The goal is to subjugate the domestic Chinese technology landscape to the CCP — and to ensure that the former serves as a vehicle of power projection for the latter. This makes Beijing’s actions the opposite of an anti-monopoly effort. China is reining in its leading tech players in order to support a bigger, more controlling monopoly: the CCP.

Perversely, Washington’s ongoing antitrust push risks playing directly into Beijing’s ambition. Any U.S. break up of Big Tech would exacerbate the asymmetries of scale and centralization that skew today’s tech competition in China’s favor.

The gulf between China’s crackdown and that underway in the United States is evident in the regulatory foundation underpinning Beijing’s latest moves. The CCP’s actions draw on an emerging legal and regulatory architecture for the governance of data — including, most recently, the Data Security Law (DSL) formally implemented in September. U.S. analyses tend to describe it as a “data privacy law.” However, the DSL does not foster “privacy” the way U.S. conceptions — or the European Union’s GDPR — might interpret the term.

The DSL neither restricts companies’ ability to collect data nor ensures the anonymization of information. Rather, the law restricts their ability to export data outside of China or share it with entities that are not the Chinese government (including, notably, foreign governments). At the same time, the DSL locks in Beijing’s access to companies’ information. In doing so, it provides the CCP domestic control over data.

Under the DSL, private data cannot be bought, sold or shipped at will. It is not private — unless, of course, you consider the CCP to be a member of your inner circle of trust.

The Didi case is instructive. Did’s crime was not collecting user information, but allegedly storing that data outside of China and sharing it with overseas regulators as a part of its IPO process. This is worlds apart from proposals in Washington to introduce sweeping data portability and interoperability requirements aimed at increasing consumer privacy and competition.

As the CCP sees it, information technology is catalyzing a new industrial revolution: the digital revolution. This revolution, which is characterized by data as a new factor of production, will reshape the global system. The player, whether government or industry, that can control the production, distribution and consumption of data will be able to lead that reshaping, in effect claiming global hegemony. The CCP believes this is the path to unmatched Chinese military and economic power — and an unrivaled international surveillance state.

To get there, Beijing has committed to building and internationalizing digital architectures, including networks like 5G and the industrial Internet of Things (IoT), as well as platforms like ride-share apps and e-commerce hubs. These systems demand scale: Their integration and growth are to be encouraged. But to deliver competitive returns to China as geopolitical assets, these systems must exist under government control.

So, while China will continue to promote the growth of digital platforms and networks, the CCP will make sure that they do so at Beijing’s behest. Beijing doesn’t want an Apple, Facebook or Google.

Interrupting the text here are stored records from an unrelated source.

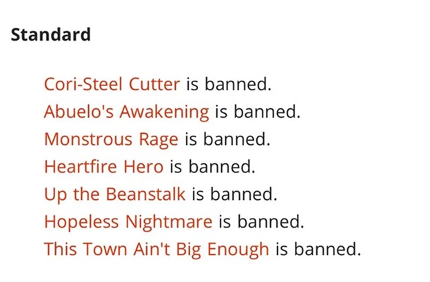 Honestly, these cards all needed to go, and I don't think people are surprised by these bans. Heartfire Hero scales too quickly in Aggro, Monstrous Rage eliminates blocking in creature matchups, and Cori-Steel Cutter is just a messed up Magic card. I think having Aggro as a dominant archetype in a given Standard meta is actually a good thing, and smaller metas help you adapt better. The absence of Aggro leads me to believe the format will have more diversity, but it will be harder to prep for everything. Whether that's good or bad is up to you, but I do think they did ban some pretty unfun cards to play against.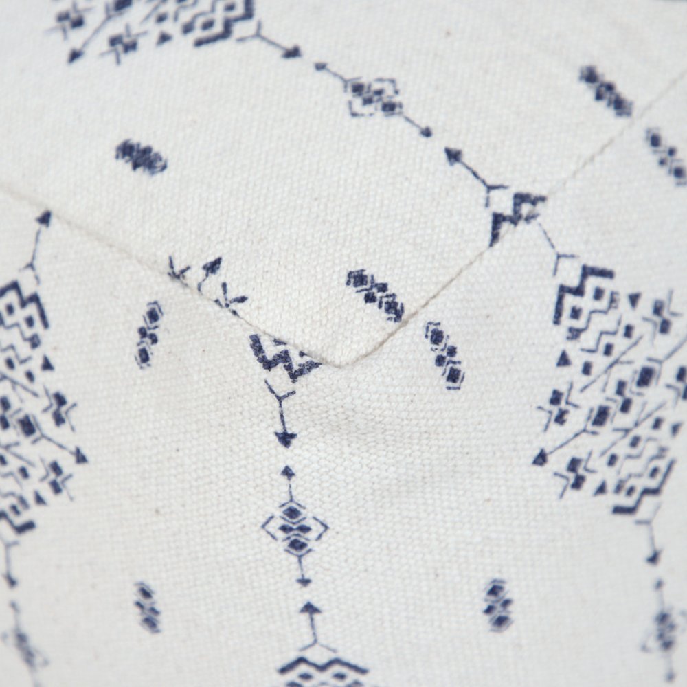 18" Natural And Navy Blue Cotton Medallion Pouf Ottoman
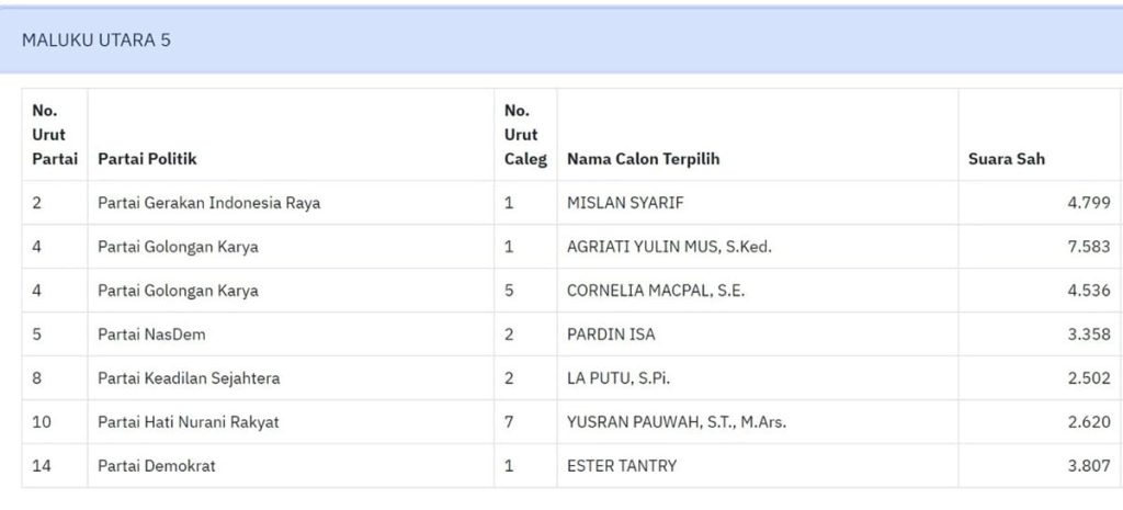 Berikut daftar nama anggota DPRD Maluku Utara terpilih: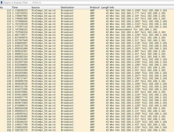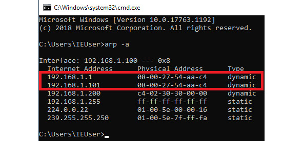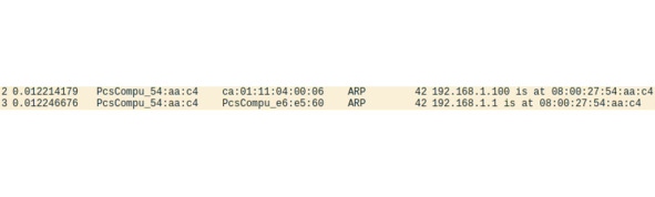 Как можно увидеть компьютер злоумышленника отсылает 2 ARP-пакета. В первом утверждается, что IP-адрес 192.168.1.100 теперь привязан к MAC-адресу злоумышленника. Второй пакет повторяет то же самое с IP-адресом 192.168.1.1.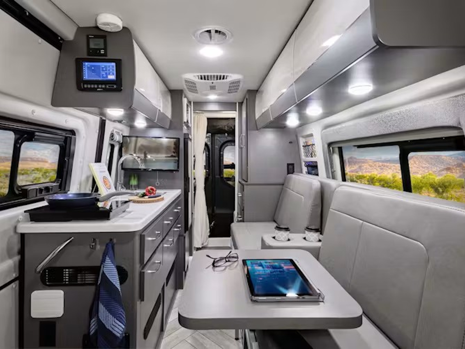 - Whip up delicious meals from your Mercedes-Benz® Sprinter Van with everything the Tranquility® has to offer. A 12-volt refrigerator keeps your ingredients fresh, while a single-burner induction cooktop and microwave oven make cooking on the go easy in this Class B motorhome. Each model features a versatile Laguna table system, perfect for dining, working, or game nights with family and friends. After your meal, cleanup is a breeze with the stainless-steel single-bowl sink, complete with a cover to maximize counter space when not in use.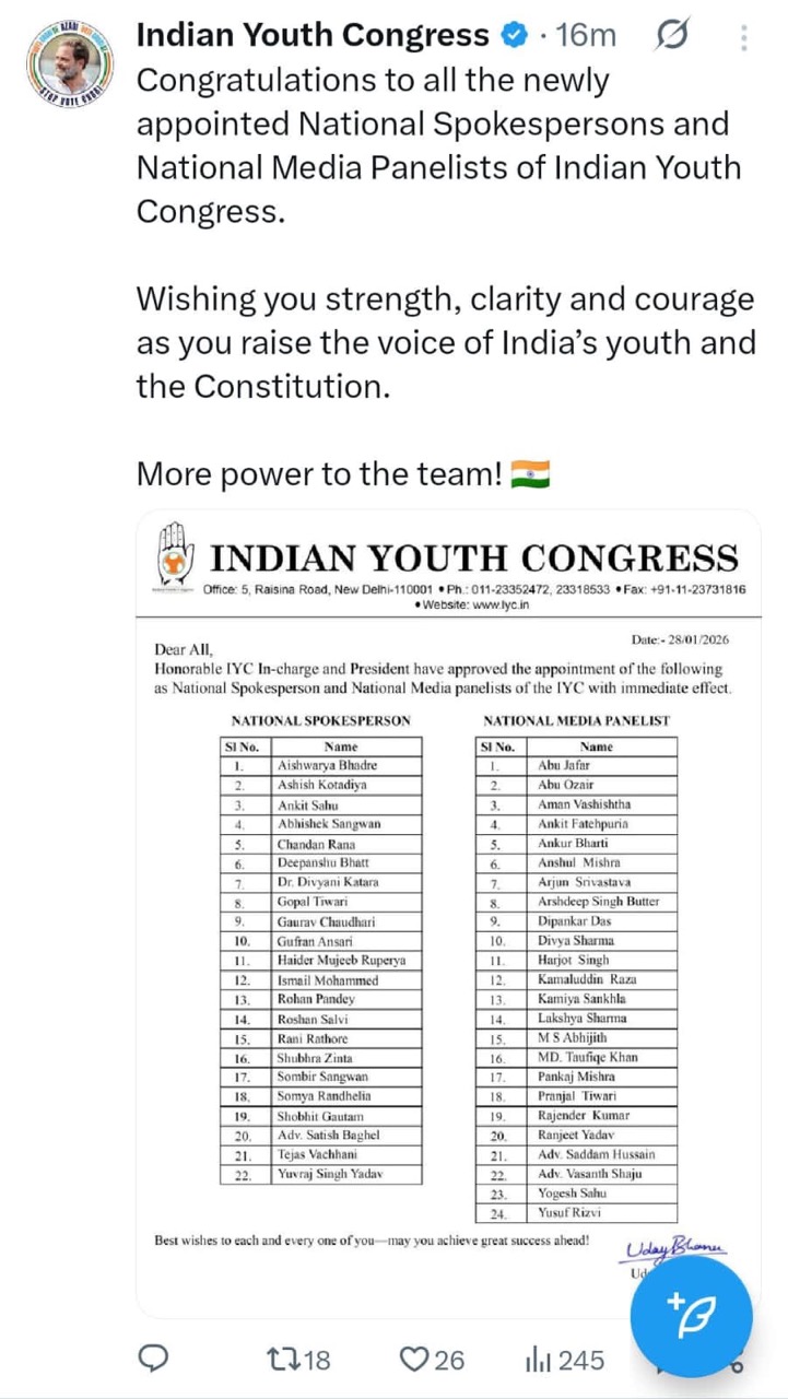 चूरू। कांग्रेस शीर्ष नेतृत्व सोनिया गांधी, राहुल गांधी, मल्लिकार्जुन खड़गे, प्रियंका गांधी, केसी वेणुगोपाल के निर्देशानुसार भारतीय युवा कांग्रेस के राष्ट्रीय प्रभारी मनीष शर्मा एवं राष्ट्रीय अध्यक्ष उदयभान चिब की ओर से राष्ट्रीय कार्यालय नई दिल्ली से जारी नियुक्ति में चूरू के एडवोकेट सद्दाम हुसैन को भारतीय युवा कांग्रेस का राष्ट्रीय प्रवक्ता बनाया गया है।एडवोकेट सद्दाम हुसैन की नियुक्ति पर छाञ एवं युवा शक्ति व कांग्रेस जनों ने हर्ष व्यक्त किया तथा कांग्रेस के शीर्ष नेतृत्व का हार्दिक आभार व्यक्त किया।एडवोकेट सद्दाम हुसैन इससे पहले भी कांग्रेस की छात्र इकाई एनएसयूआई एवं भारतीय युवा कांग्रेस में राष्ट्रीय प्रवक्ता एवं राष्ट्रीय संयोजक तथा महाराष्ट्र, गुजरात, मध्यप्रदेश, पूर्व उत्तर प्रदेश इत्यादि राज्यों के प्रभारी के रूप में भी संगठन में उत्कृष्ट एवं उल्लेखनीय कार्य कर चुके हैं।एडवोकेट सद्दाम हुसैन अभी तक यूजी एवं पीजी सहित कुल दस उपाधियां अर्जित कर चुके हैं।एडवोकेट सद्दाम हुसैन जिला राज्य एवं राष्ट्रीय स्तर पर दर्जनों बार सम्मानित हो चुके हैं।

It wants a super integrated Apple-Facebook-Google that is part and parcel of the CCP.

This approach might manifest in tactical moves that look like antitrust efforts, such as investigations into AliPay and WeChat. But the operative objective is not increased competition. Rather, Beijing seeks to wrap these players into the larger monopoly that is the CCP. Should, as Didi founder reportedly suggested will happen, the Chinese government take over the company, Didi will become part of a far larger and more pernicious platform than Apple, Facebook or Google.

The U.S. will fail to prevent the relative rise and unrivaled influence of Beijing’s tech champions as long as it assumes Beijing is mirror-imaging the American approach. In fact, the U.S. will facilitate Beijing’s ambitions: The only real, credible alternatives to the CCP’s tech ambitions are firms like Apple, Facebook and Google. But instead of turning to them as critical national assets in waging a determinative economic and geopolitical contest, the United States is focused on kneecapping them. Instead of paying attention to China’s global tech offensive and the domestic agenda that propels it, the United States is fixated on overly broad regulation of its own tech sector.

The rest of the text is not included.